The castable refractories for ladle linings generally use, as principal raw materials, refractory materials of silica type, silica-zircon type, zircon type, etc., and they are roughly divided into hydraulic setting castable refractories using alumina cement as a binding agent and clay-bonded castable refractories using a pulverized fireclay such as kibusi-clay or kaolin as a binding agent.

The former hydraulic setting castable refractories usually contain 10% by weight or more of the binding agent or alumina cement and therefore they are disadvantageous in use in that not only the hot properties at elevated temperatures of over 1,200"C are deteriorated and the strength is deteriorated considerably due to dehydration at the intermediate temperatures between 800 and 1,000"C, but also particularly in the case of the castable refractories which contain silica (SiO2) as a principal constituent and are made hydraulically settable by the addition of alumina cement any excessive amount of Al2O3 considerably decreases the fusing temperature and thus they are made unsuitable for use as refractories for ladle linings.
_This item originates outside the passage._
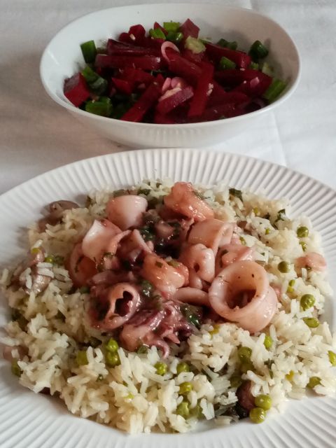 Basmati riž z grahom, kozice/lignji na česnu in vinu, rdeča pesa z mlado čebulo

In the case of the later clay-bonded castable refractories, Al2O3 and CaO due to the flocculating agent, i.e., calcium aluminate or calcium hydroxide, the principal raw materials, i.e., siliceous material and zircon, fireclay, etc., cause the formation of fusing point decreasing substances in the castable refractories containing silica as the principal constituent with the resulting deterioration in the melting loss properties of the ladle linings formed by the siliceous refractories, and moreover the sintering at the heat receiving surface is promoted with the result that if the surface is subjected to the repeated heat cycle of heating and cooling, spalling damage will be frequently caused to the surface with the resulting decrease in the service life of the ladle.

It is the primary object of the present invention to provide an improved castable refractory which is capable of overcoming the foregoing deficiencies in the prior art ladle lining castable refractories containing silica as a principal constituent and which is excellent in the resistance to corrosion due to the molten slags and molten steel in the ladle and excellent in the resistance to thermal spalling due to the repeated heat cycles of heating and cooling.

In accordance with one form of this invention there is thus provided a castable refractory for ladle linings which is formed by adding alumina cement to a refractory aggregate consisting of a siliceous raw material and zircon and which features that the alumina (Al203) content is in the range of 5.0 to 1.0% by weight of the whole. The siliceous raw material used with this invention preferably comprises a mixture of one or more of silica sand, silica, agalmatolite and amorphous silica and the particle size of the aggregate is preferably less than 6.0mm. While the main constituent of zircon (ZrSiO4) preferably comprises fine powder of less than 0.3mm, highzircon substances having a maximum particle size of less than 6.0mm are also usable.The suitable alumina cement may be any of the commercially available cements, and it may for example be the ALCOA CA-25 (Aluminium Company of America, Pittsburgh, Pennsylvania, U.S.A.), DENKA HIGH ALUMINA CEMENT SUPER (Denki Kagaku Kogyo Kabushiki Kaisha, Tokyo, Japan), SECAR-250 (Lafarge Fondu International, France) or the first- or second-class alumina cement specified by JIS R251 1.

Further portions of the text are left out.